### Requirement
Leave out the pictures, and reproduce exactly the lines from the line containing "Vor dem Aussichtsturm der Ruine Mantelberg" through the final line of the entries.

### Dataset excerpts
□ □ □

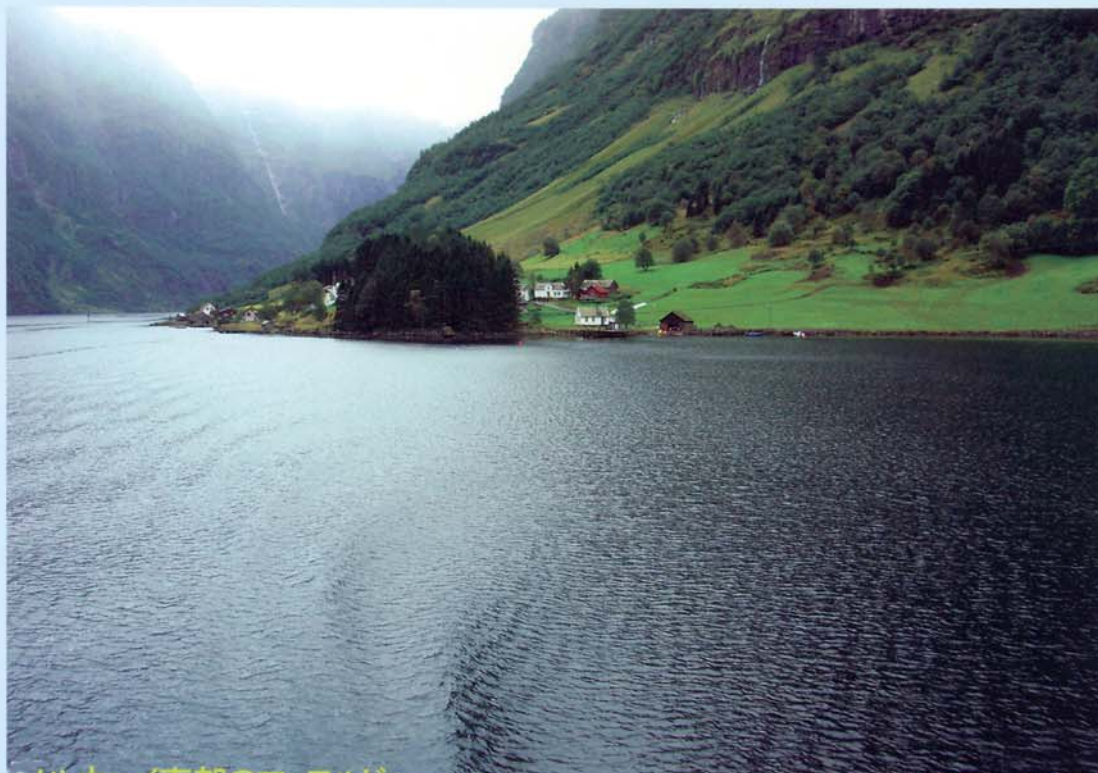
ノルウェイ東部のフィヨルド

URL http://www.5d.biglobe.ne.jp/~tanieye/
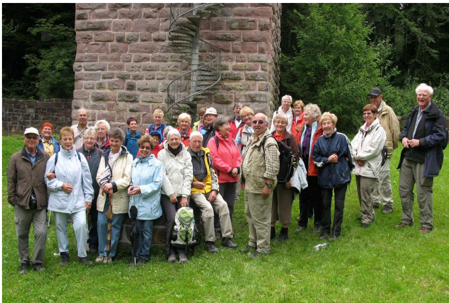
Vor dem Aussichtsturm der Ruine Mantelberg
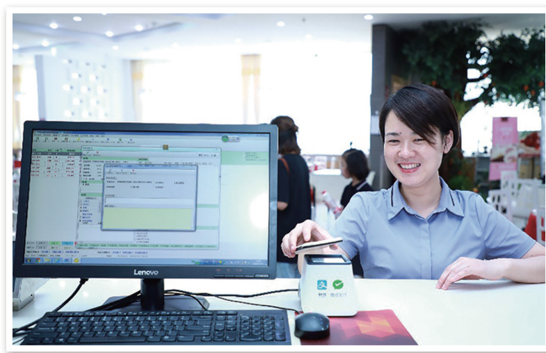
餐厅电子支付现场。

为深入推进党史学习教育,切实把学习成效转化为工作动力和实实在在的果,后勤各单位将党史学习教育同总结经验、观照现实、推动工作结合起来,开展了一场场生动的“我为群众办实事”实践活动,一件件关乎师生生活的“急难愁盼”事得到解决。

□ □ □

### Task solution
Vor dem Aussichtsturm der Ruine Mantelberg
餐厅电子支付现场。

为深入推进党史学习教育,切实把学习成效转化为工作动力和实实在在的果,后勤各单位将党史学习教育同总结经验、观照现实、推动工作结合起来,开展了一场场生动的“我为群众办实事”实践活动,一件件关乎师生生活的“急难愁盼”事得到解决。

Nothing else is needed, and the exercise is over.